→ DATA FOR REVIEW
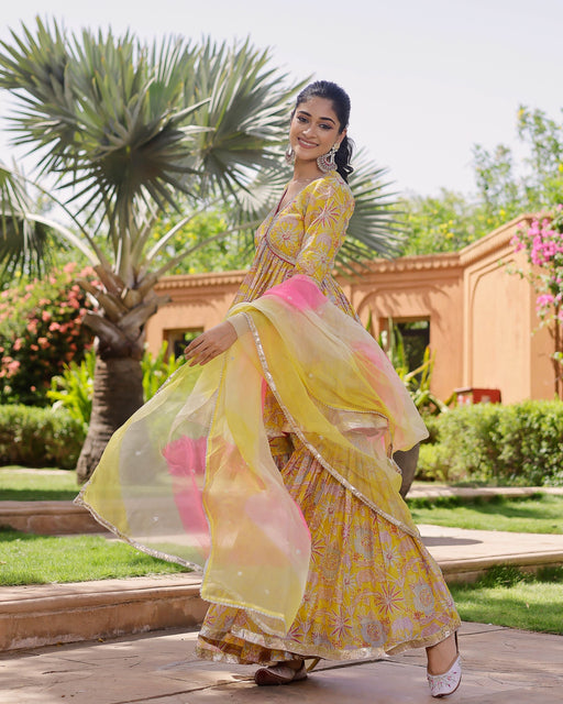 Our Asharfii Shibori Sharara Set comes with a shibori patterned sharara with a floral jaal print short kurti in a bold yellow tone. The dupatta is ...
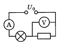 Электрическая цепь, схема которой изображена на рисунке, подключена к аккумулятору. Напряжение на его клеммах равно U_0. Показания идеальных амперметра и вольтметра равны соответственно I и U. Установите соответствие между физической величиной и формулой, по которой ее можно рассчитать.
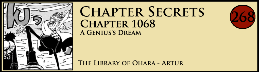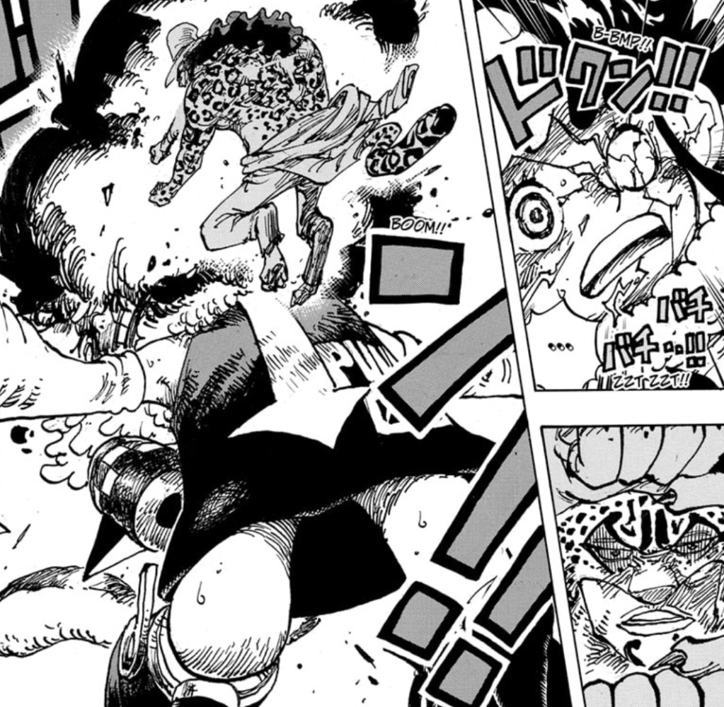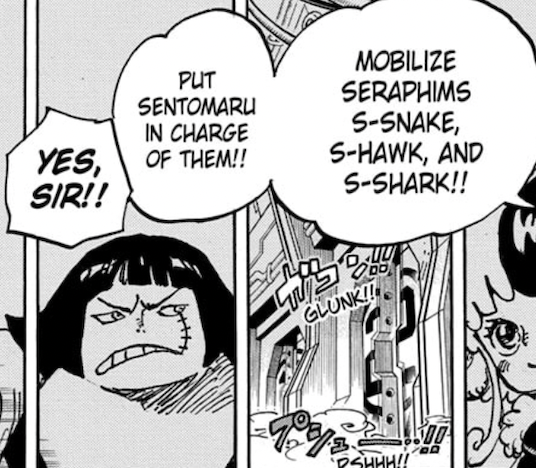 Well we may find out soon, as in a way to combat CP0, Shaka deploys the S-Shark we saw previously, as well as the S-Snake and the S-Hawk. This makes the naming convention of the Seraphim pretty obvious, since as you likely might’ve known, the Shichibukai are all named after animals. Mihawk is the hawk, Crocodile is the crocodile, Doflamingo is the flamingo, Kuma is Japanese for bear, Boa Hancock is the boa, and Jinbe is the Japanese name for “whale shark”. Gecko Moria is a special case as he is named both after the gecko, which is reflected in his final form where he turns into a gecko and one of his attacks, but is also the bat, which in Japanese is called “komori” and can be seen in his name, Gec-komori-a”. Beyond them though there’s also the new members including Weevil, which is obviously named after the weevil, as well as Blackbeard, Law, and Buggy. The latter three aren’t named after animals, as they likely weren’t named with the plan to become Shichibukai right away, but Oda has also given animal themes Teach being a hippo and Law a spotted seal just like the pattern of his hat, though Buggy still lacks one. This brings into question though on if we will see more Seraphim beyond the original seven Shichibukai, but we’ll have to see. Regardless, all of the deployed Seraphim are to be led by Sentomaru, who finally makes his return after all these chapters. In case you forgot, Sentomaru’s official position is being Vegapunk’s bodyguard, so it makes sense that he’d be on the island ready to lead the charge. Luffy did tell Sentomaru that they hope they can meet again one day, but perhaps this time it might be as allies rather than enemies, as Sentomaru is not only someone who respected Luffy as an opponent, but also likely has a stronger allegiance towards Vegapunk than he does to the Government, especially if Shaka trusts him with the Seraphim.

* * *

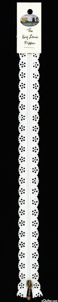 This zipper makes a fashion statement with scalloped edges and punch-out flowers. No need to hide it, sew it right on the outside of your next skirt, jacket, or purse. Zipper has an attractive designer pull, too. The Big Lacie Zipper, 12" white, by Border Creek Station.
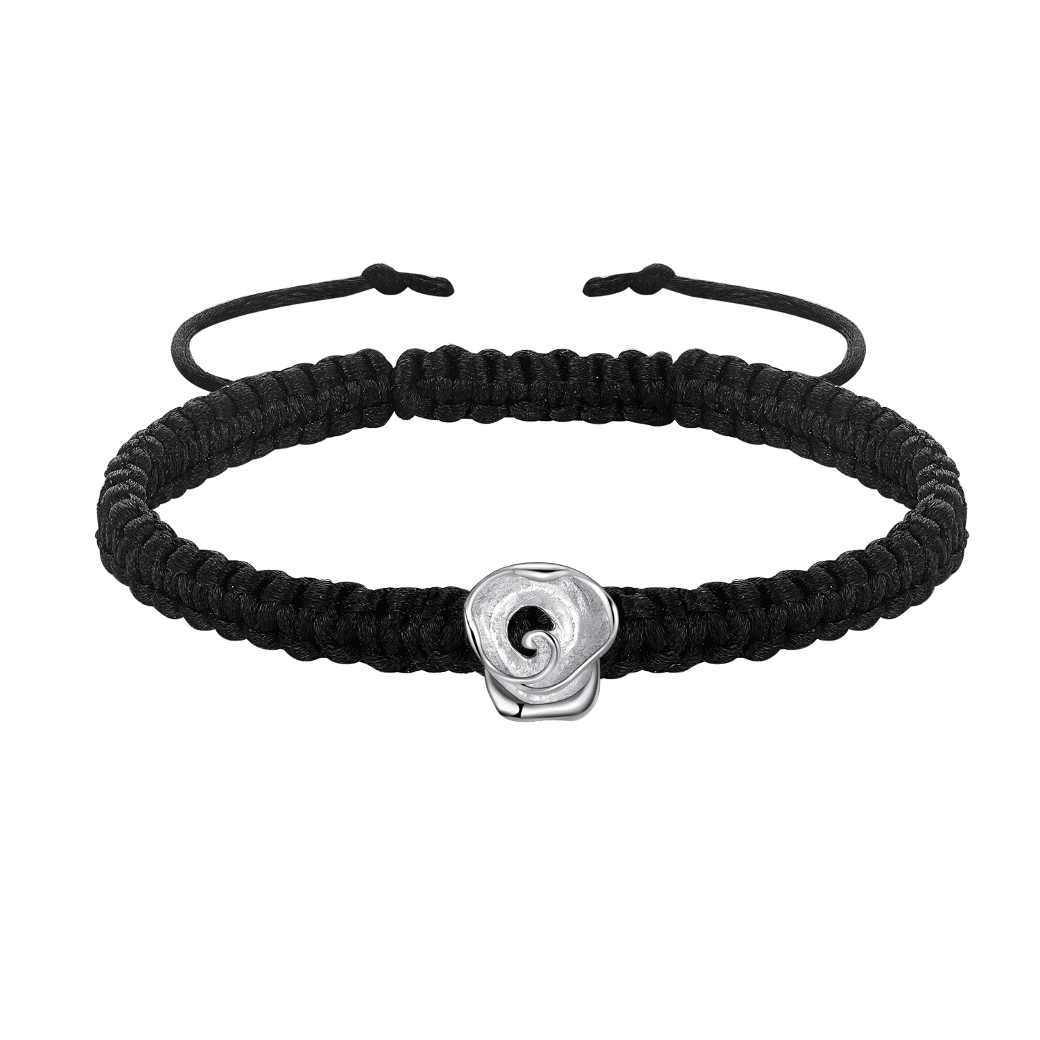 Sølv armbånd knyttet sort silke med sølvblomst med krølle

→ WHAT TO PRODUCE
Reproduce the entries exactly, from the line with "Our Asharfii Shibori" to the line with "Электрическая цепь, схема", both lines included, keeping no pictures.

→ TASK ANSWER
 Our Asharfii Shibori Sharara Set comes with a shibori patterned sharara with a floral jaal print short kurti in a bold yellow tone. The dupatta is ...
 Электрическая цепь, схема которой изображена на рисунке, подключена к аккумулятору. Напряжение на его клеммах равно U_0. Показания идеальных амперметра и вольтметра равны соответственно I и U. Установите соответствие между физической величиной и формулой, по которой ее можно рассчитать.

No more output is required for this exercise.